Wenn er ordnungsgemäß filetiert wird, kann der von Natur aus giftige Fisch ohne Bedenken verzehrt werden. Es besteht eine gewisse Besorgnis über das Risiko einer Ciguatera-Lebensmittelvergiftung (CFP) durch den Verzehr von Rotfeuerfischen, und die FDA hat Rotfeuerfische auf die Liste der Arten mit CFP-Risiko gesetzt, wenn Rotfeuerfische in einigen Gebieten geerntet werden, die positiv auf Ciguatera getestet wurden. Es wurden keine Fälle von GFP durch den Verzehr von Rotfeuerfischen nachgewiesen, und veröffentlichte Untersuchungen haben ergeben, dass die Toxine im Gift der Rotfeuerfische bei Tests auf Ciguatera zu falsch positiven Ergebnissen führen können. Die Reef Environmental Education Foundation berät Restaurantköche, wie sie den Fisch in ihre Speisekarte einbauen können. Die NOAA bezeichnet den Rotfeuerfisch als einen "köstlichen, delikat gewürzten Fisch", der in seiner Beschaffenheit dem Zackenbarsch ähnelt. Zu den Kochtechniken und Zubereitungen für Rotfeuerfisch gehören Frittieren, Ceviche, Jerky, Grillen und Sashimi.

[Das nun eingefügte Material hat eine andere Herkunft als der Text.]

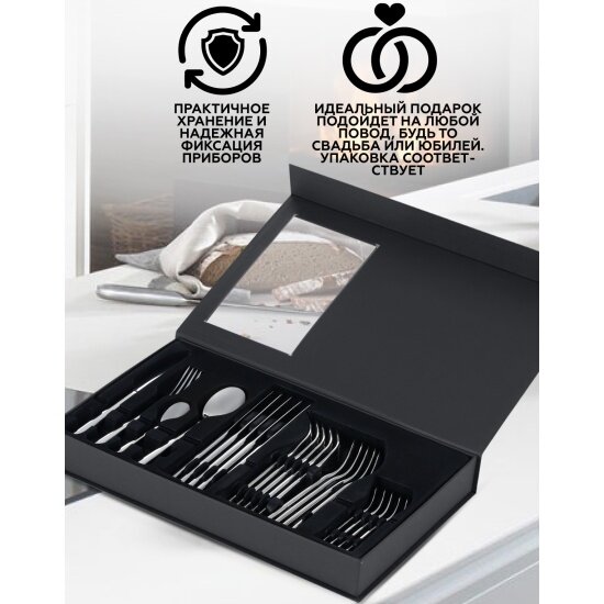 | В набор входит | 6 столовых ложек, 6 чайных ложек, 6 вилок, 6 столовых ножей |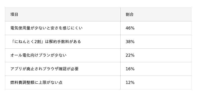 - 注意点として、46%の人が「電気の使用量が少ないと安さを感じにくい」と回答。「にねんとく2割」の解約手数料についても事前に理解しておく必要がある(38%)という声もあった。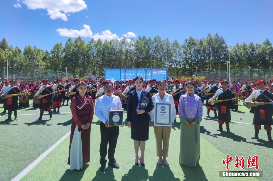 6月25日,“相約珠峰·千人弦音”西藏日喀則大型非遺歌舞展演在日喀則上海體(ti) 育場舉(ju) 行。經世界紀錄認證(WRCA)官方審核,該活動成功創造“最大規模的日喀則非遺民俗舞蹈表演”世界紀錄。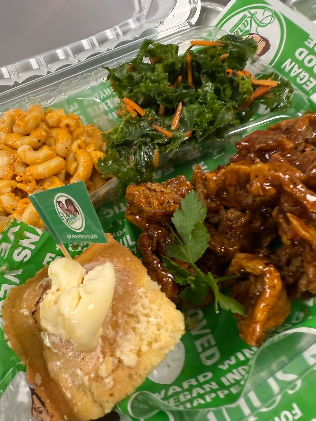 Originally when I ordered from this vendor at a vegan event, the oyster mushrooms tasted like burned grease. I refused to order from them since until last night. They were at the Vegan Street Party and I ordered the Karelyn dinner which included fried oyster mushrooms, Mac and cheese, cornbread and kale salad.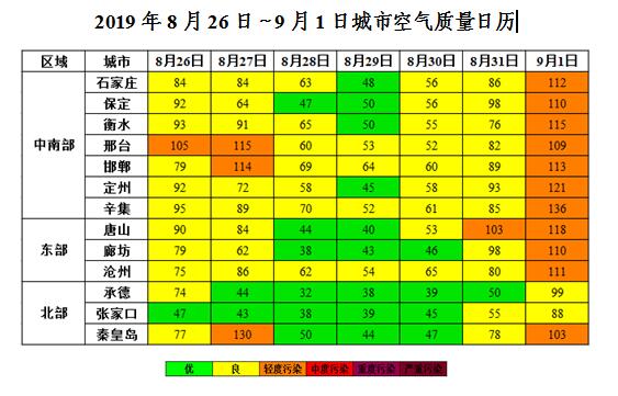 本周全省空气质量预报(2019年9月2日~9月8日)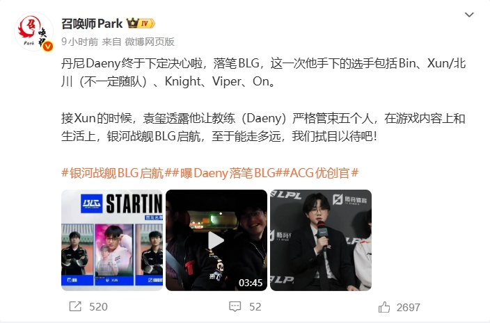 直播吧12月06日讯微博媒体(召唤师Park)昨晚爆料,iG主教练Daeny与BLG签约落笔,将在下赛季为BLG俱乐部执教。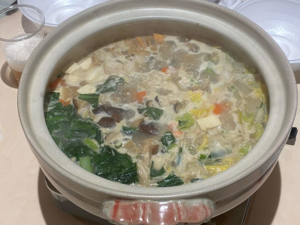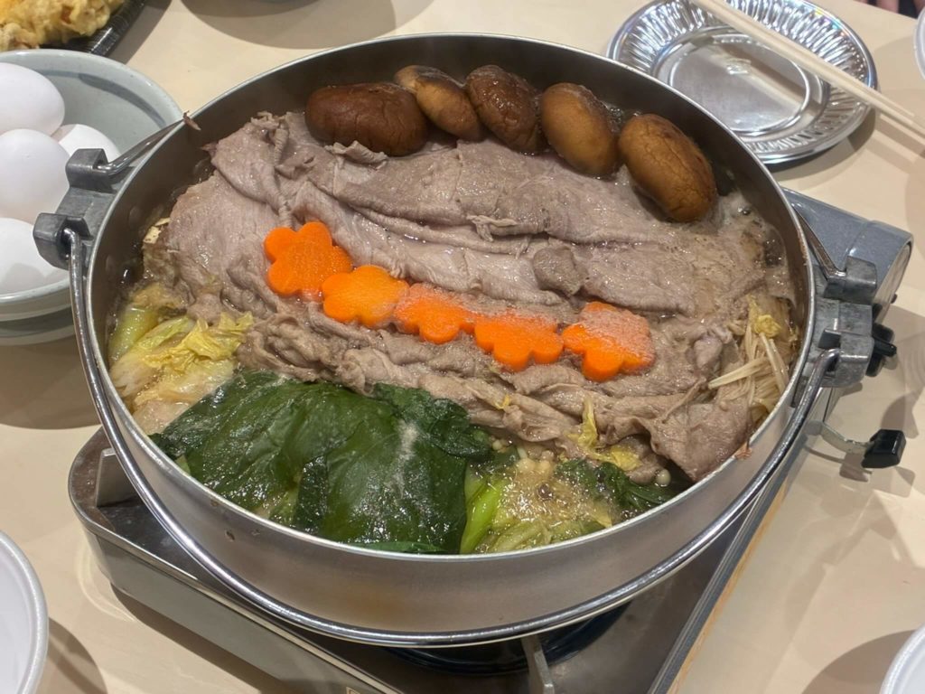 メニューはすき焼きと海鮮鍋という豪華な食事に皆さん舌鼓を打ち、イベントとしてカラオケも行い大いに盛り上がりました。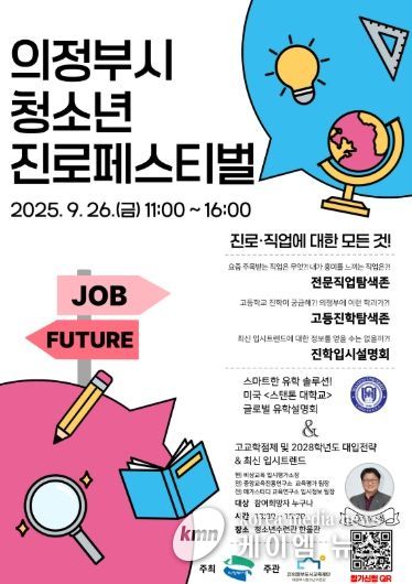 (케이엠뉴스) 의정부도시교육재단은 청소년 진로탐색을 지원하고 미래역량 강화를 돕기 위해 2025년 9월 26일 의정부시청소년수련관에서 '2025년 의정부시청소년진로페스티벌'을 개최한다.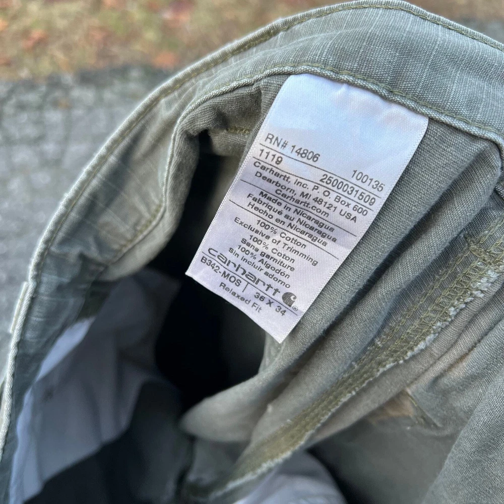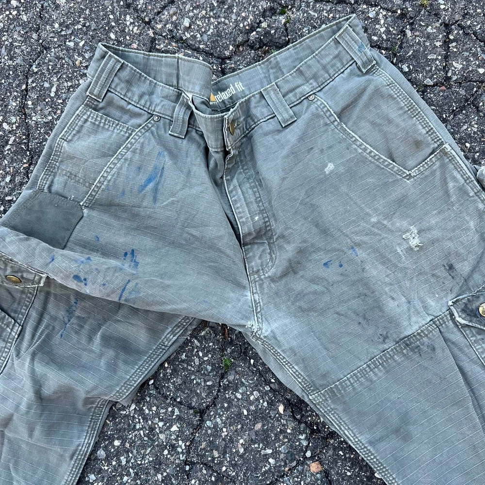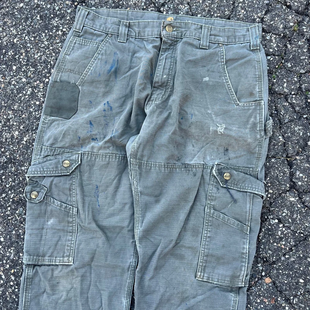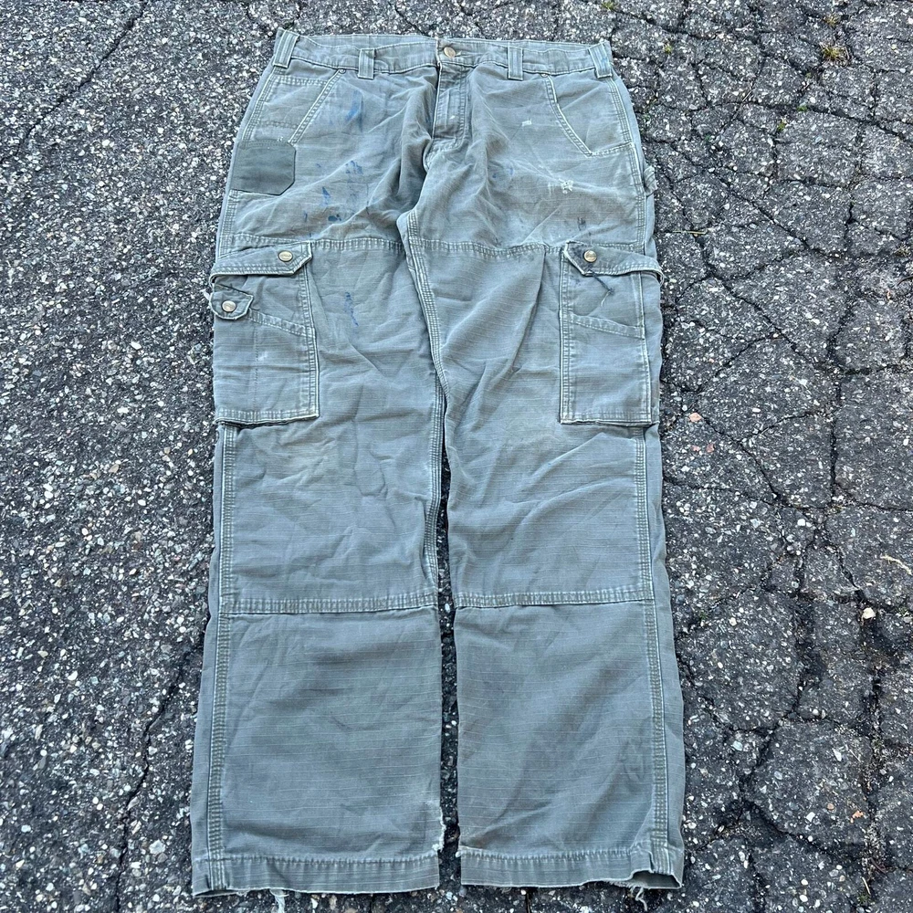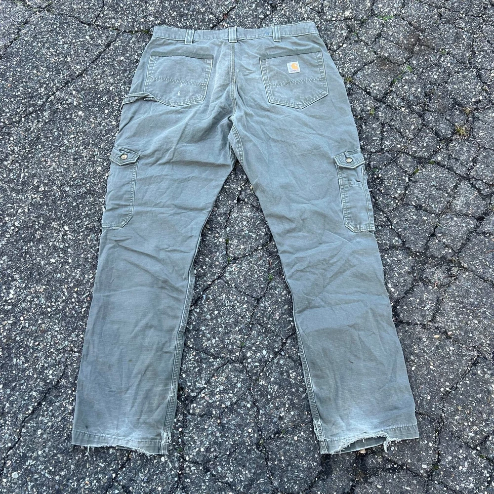 Vintage Y2K green Carhartt cargo work wear carpenter pants. Great pair. Measure 36x32.5 and a 8.5 leg opening. Please check measurements before purchasing. I do my best to show any flaws in pictures. Quick shipping! Bundles encouraged! @ants_haul on Instagram. 388!!!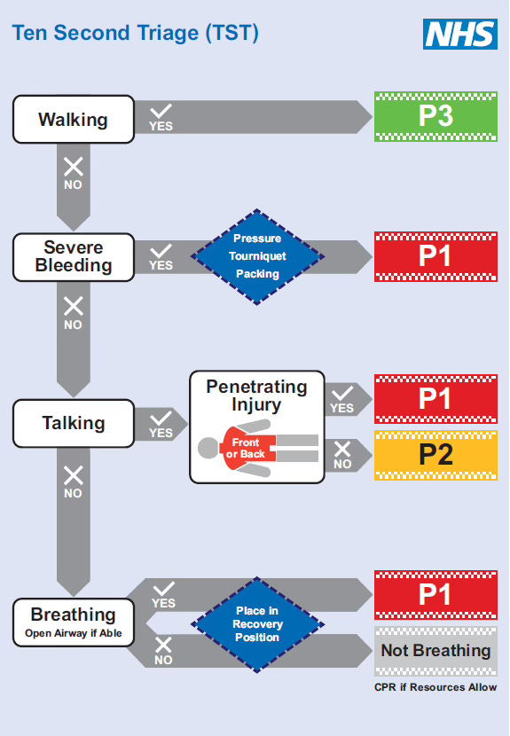 The ten-second triage mindset therefore functions as a decision-making model: identify the existential risk immediately and stabilise it before progressing.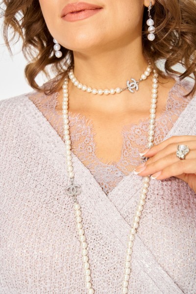 Вязанный жемчужно-лиловый джемпер с ажуром по вороту - это идеальный вариант для создания стильного и привлекательного романтического образа! Мягкий и нежный материал этого джемпера делает его очень приятным на ощупь, теплым и уютным, а легкое мерцание придает свою изюминку. Горловина v-образной формы приковывает взгляды к линии декольте. Рукав длинный, на спущенной линии плеча. Низ рукава, а также низ изделия оформлен мягкой трикотажной манжетой. Особенно актуальна данная кофточка на осенний и зимний период, за счет качественного состава, не пропускает холод обеспечивает тепло и комфорт! Длина по спинке – 65 см, рукав – 62 см.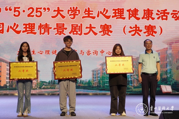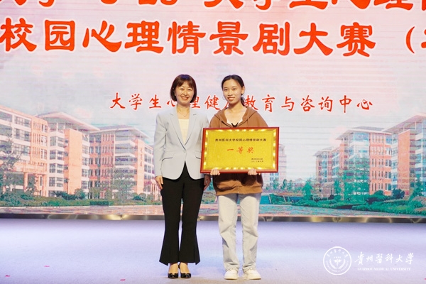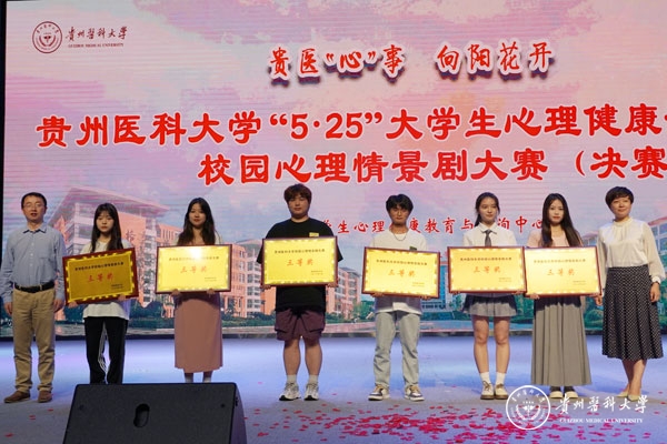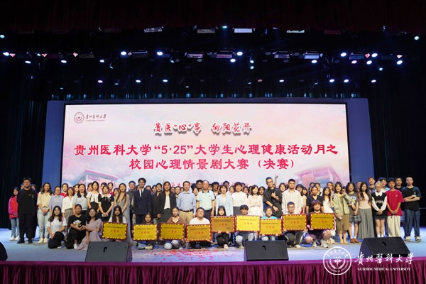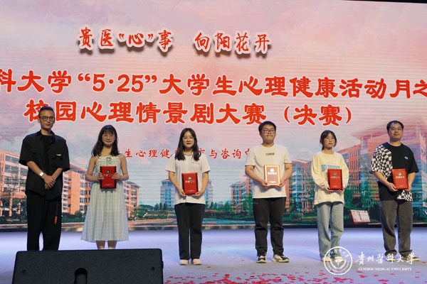 6月15日,beat365正版唯一官网必一“5˙25”大学生心理健康活动月之“贵医‘心’事 向阳花开”校园心理情景剧大赛决赛在大礼堂举行。校党委委员、党委宣传部(精神文明办)部长(主任)、党委统战部部长陈颖出席,贵州大学心理健康教育与咨询中心主任冉龙彪,贵州中医药大学学工部部长、学生处处长,时珍学院党委书记、院长田丹,贵州师范大学心理学院(心理健康教育与咨询中心)副院长(主任)罗禹,beat365大学生心理健康教育与咨询中心负责人、医学人文学院副院长彭丹,贵州电影、话剧导演衡量担任评委。各学院领导、师生代表到场观看比赛。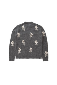 Jil Sander Alpaca Floral Intarsia Crewneck Sweater Moonless Night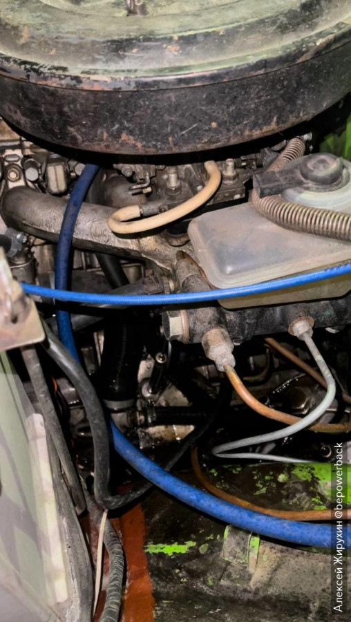 По пути с двигателя слетел провод, сигнализирующий падение уровня масла. И по иронии судьбы замерз сапун, масло выкинуло, и мы этот момент не увидели. Итог закономерен — двигатель застучал))) Короче, приехали… Впереди на карте была шиномонтажка, пошли туда и попросили хоть какое-то масло, нам выдали непонятную густую субстанцию, похожую на мед. Терять было нечего.

Eine weitere Initiative befasst sich mit der Herstellung von Leder aus Rotfeuerfischhäuten. Sie zielt darauf ab, eine Produktionskette und einen Markt für hochwertiges Leder aus den Häuten aufzubauen. Ziel ist es, die invasiven Rotfeuerfischpopulationen zu kontrollieren und gleichzeitig einen wirtschaftlichen Nutzen für die lokalen Fischergemeinden zu erzielen.

Fortpflanzung

Die Fortpflanzung der Feuerfische ist bisher nur durch Beobachtung von Dendrochirus in freier Natur und im Aquarium bekannt. Kurzflossen-Zwergfeuerfische (Dendrochirus brachypterus) leben in Gruppen mit einem dominanten Männchen und mehreren kleineren Männchen und Weibchen. Der Zebra-Zwergfeuerfisch (Dendrochirus zebra) lebt solitär und trifft Artgenossen nur an bestimmten Rendezvousplätzen. Die Balz beginnt, nachdem sich die Männchen heftig bekämpft und Rivalen aus dem Revier getrieben haben, nach Sonnenuntergang. Die Männchen sollen sich während der Balz dunkel, Weibchen hell verfärben. Bei laichbereiten Weibchen ist der Bauch geschwollen und hat eine silbrige Farbe. Zum Ablaichen schwimmen die Partner zur Wasseroberfläche, legen sich auf die Seite und stoßen zur gleichen Zeit Eier und Samen aus. Die 2.000 bis 15.000 Eier hängen in einer gallertigen Masse zusammen und treiben frei im Wasser. Die Larven schlüpfen nach 24 bis 36 Stunden mit einer Länge von 1–1,5 Millimeter. Nach vier Tagen sind ihre Brustflossen schon deutlich gewachsen und die Tiere beginnen zu fressen. Mit einer Länge von einem Zentimeter gehen die Fische zu einem versteckten Leben in Fels- und Korallenriffen über. Junge Feuerfische haben oft Augenflecke auf den Flossen.